> **Work instructions**
Only one stretch of the data below is wanted: the lines from the one with "If you have" through the one with "- grawerunek na", repeated exactly.
***** Exercise input
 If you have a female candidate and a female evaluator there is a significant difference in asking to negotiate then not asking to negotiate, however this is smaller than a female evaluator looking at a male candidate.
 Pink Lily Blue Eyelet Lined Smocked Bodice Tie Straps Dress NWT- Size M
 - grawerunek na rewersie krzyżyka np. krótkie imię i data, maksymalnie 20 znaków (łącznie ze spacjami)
**********
***** Exercise input
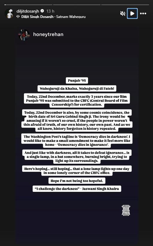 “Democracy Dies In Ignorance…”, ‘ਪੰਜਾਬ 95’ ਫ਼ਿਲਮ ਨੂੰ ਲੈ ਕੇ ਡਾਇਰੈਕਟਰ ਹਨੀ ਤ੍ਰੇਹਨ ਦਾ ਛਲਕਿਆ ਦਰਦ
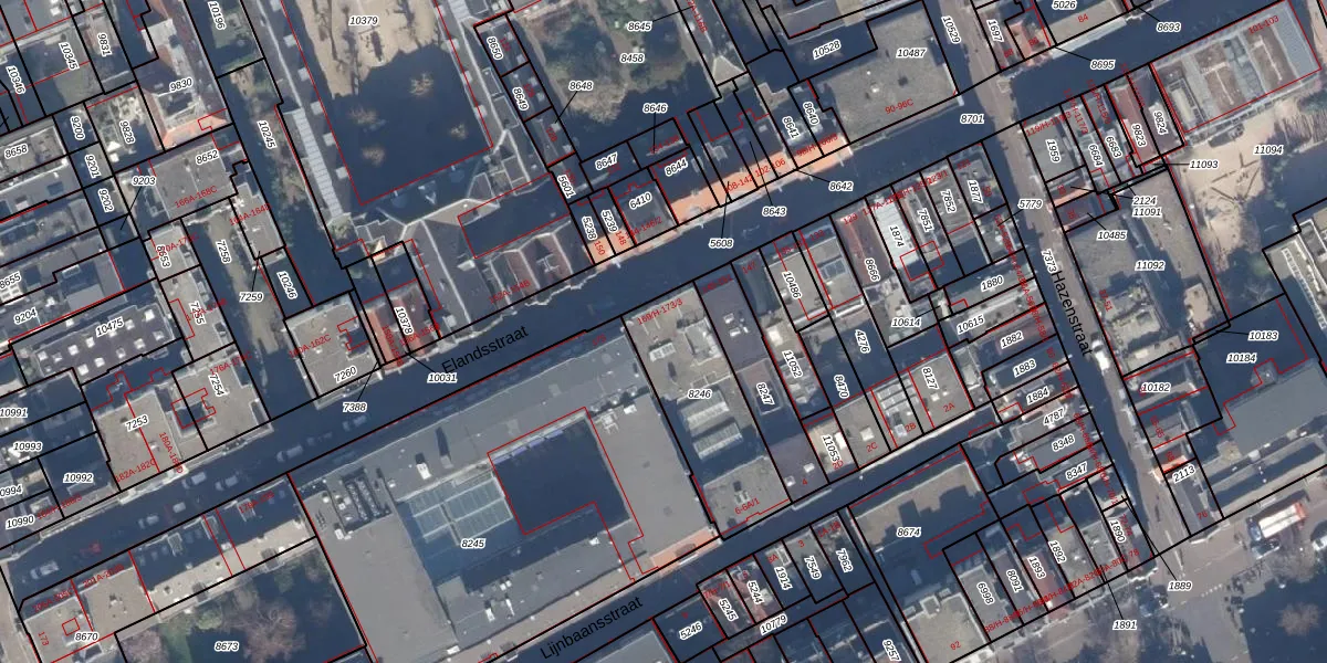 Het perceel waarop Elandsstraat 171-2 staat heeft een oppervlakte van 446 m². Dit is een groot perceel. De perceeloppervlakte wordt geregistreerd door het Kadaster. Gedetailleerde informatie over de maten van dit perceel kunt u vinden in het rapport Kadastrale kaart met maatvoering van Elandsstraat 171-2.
**********
***** Exercise input
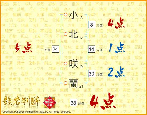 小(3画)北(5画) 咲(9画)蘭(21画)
**********
> **Written solution**
 If you have a female candidate and a female evaluator there is a significant difference in asking to negotiate then not asking to negotiate, however this is smaller than a female evaluator looking at a male candidate.
 Pink Lily Blue Eyelet Lined Smocked Bodice Tie Straps Dress NWT- Size M
 - grawerunek na rewersie krzyżyka np. krótkie imię i data, maksymalnie 20 znaków (łącznie ze spacjami)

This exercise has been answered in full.